Where all the possible code argument values for -ax for the module load intel/15.0.1 compiler can be listed by doing:

[roberpj@orc-login2:~] icc -help codegen 

-ax<code1>[,<code2>,...]
          generate code specialized for processors specified by <codes>
          while also generating generic IA-32 instructions.  
          <codes> includes one or more of the following:

            SSE2    May generate Intel(R) SSE2 and SSE instructions for Intel
                    processors.
            SSE3    May generate Intel(R) SSE3, SSE2, and SSE instructions for
                    Intel processors. 

            SSSE3   May generate Intel(R) SSSE3, SSE3, SSE2, and SSE
                    instructions for Intel processors.

            SSE4.1  May generate Intel(R) SSE4.1, SSSE3, SSE3, SSE2, and SSE
                   instructions for Intel processors.
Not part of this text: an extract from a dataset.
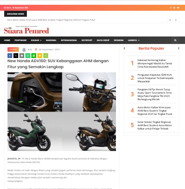 New Honda ADV160: SUV Kebanggaan AHM dengan Fitur yang Semakin Lengkap by masmul 28 September 2025 in Silahkan kunjungi https://www.suarapemredkalbar.com/read/potret/28092025/new-honda-adv160-suv-kebanggaan-ahm-dengan-fitur-yang-semakin-lengkap. You Might Like Regional Public Launching New ADV160 The SUV Pride Grand Launching New PCX 160 Truly Exceptional! Tetap hati-hati ya bro sist berkendara saat hujan.
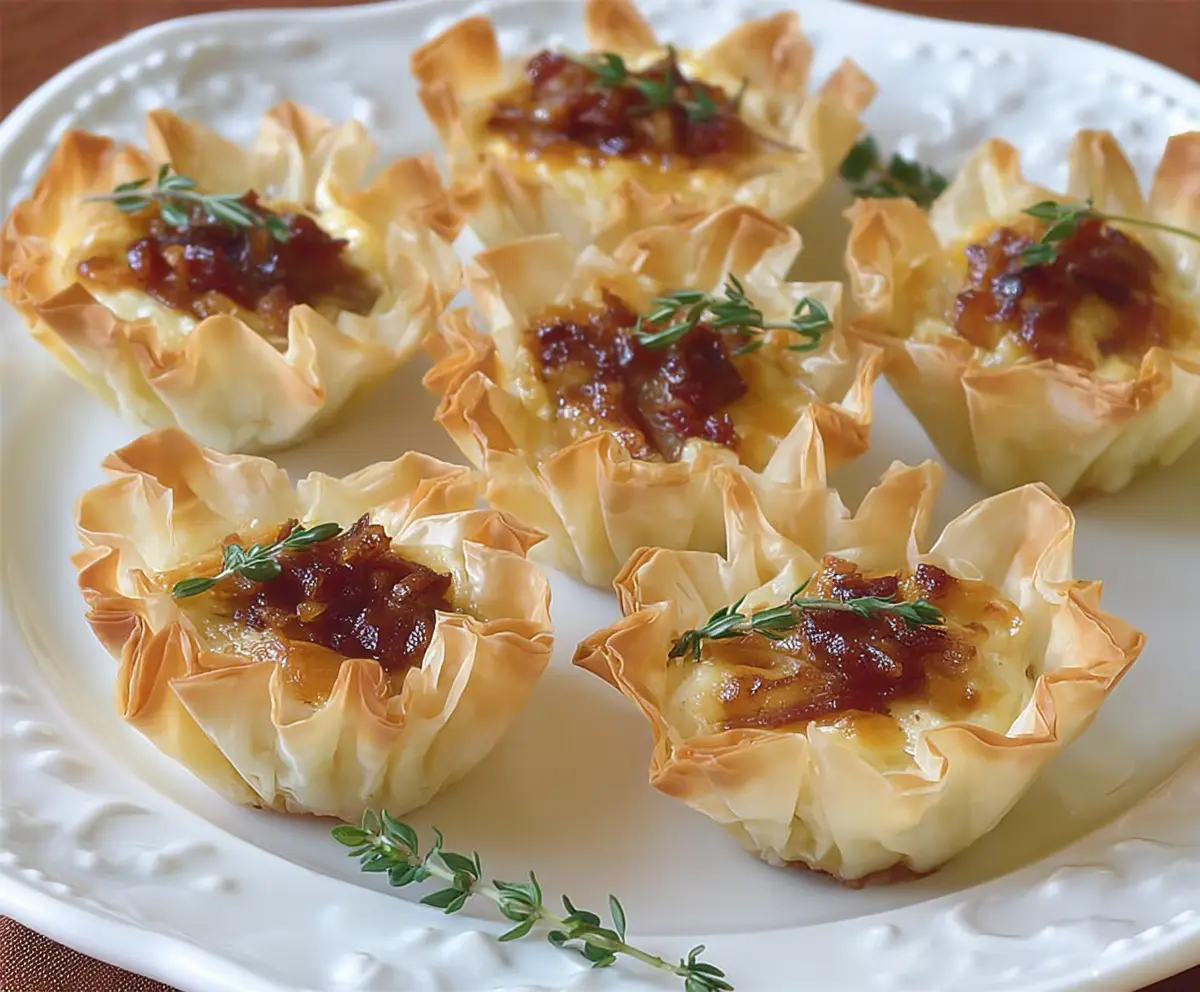 Once baked, remove the cups from the oven and let them cool for a few minutes. If desired, garnish with fresh thyme or rosemary sprigs for a touch of elegance. Serve warm and enjoy your delicious Brie and Bacon Phyllo Cups—your guests will love them!

            SSE4.2  May generate Intel(R) SSE4.2, SSE4.1, SSSE3, SSE3, SSE2,
                    and SSE instructions for Intel processors.
            AVX     May generate Intel(R) Advanced Vector Extensions (Intel(R)
                    AVX), Intel(R) SSE4.2, SSE4.1, SSSE3, SSE3,
                    SSE2, and SSE instructions for Intel(R) processors.
            CORE-AVX2
                    May generate Intel(R) Advanced Vector Extensions 2
                    (Intel(R) AVX2), Intel(R) AVX, SSE4.2, SSE4.1, SSSE3, SSE3,
                    SSE2, and SSE instructions for Intel(R) processors.
            CORE-AVX-I
                    May generate Intel(R) Advanced Vector Extensions (Intel(R)
                    AVX), including instructions in Intel(R) Core 2(TM)
                    processors in process technology smaller than 32nm,
                    Intel(R) SSE4.2, SSE4.1, SSSE3, SSE3, SSE2, and SSE
                    instructions for Intel(R) processors.
            MIC-AVX512
                    May generate Intel(R) Advanced Vector Extensions 512
                    (Intel(R) AVX-512) Foundation instructions, Intel(R)
                    AVX-512 Conflict Detection instructions, Intel(R) AVX-512
                    Exponential and Reciprocal instructions, Intel(R) AVX-512
                    Prefetch instructions for Intel(R) processors, and the
                    instructions enabled with CORE-AVX2.
            CORE-AVX512 
                    May generate Intel(R) Advanced Vector Extensions 512 
                    (Intel(R) AVX-512) Foundation instructions, Intel(R) 
                    AVX-512 Conflict Detection instructions, Intel(R) AVX-512
                    Doubleword and Quadword instructions, Intel(R) AVX-512 
                    Byte and Word instructions and Intel(R) AVX-512 Vector 
                    Length Extensions for Intel(R) processors, and the 
                    instructions enabled with CORE-AVX2. 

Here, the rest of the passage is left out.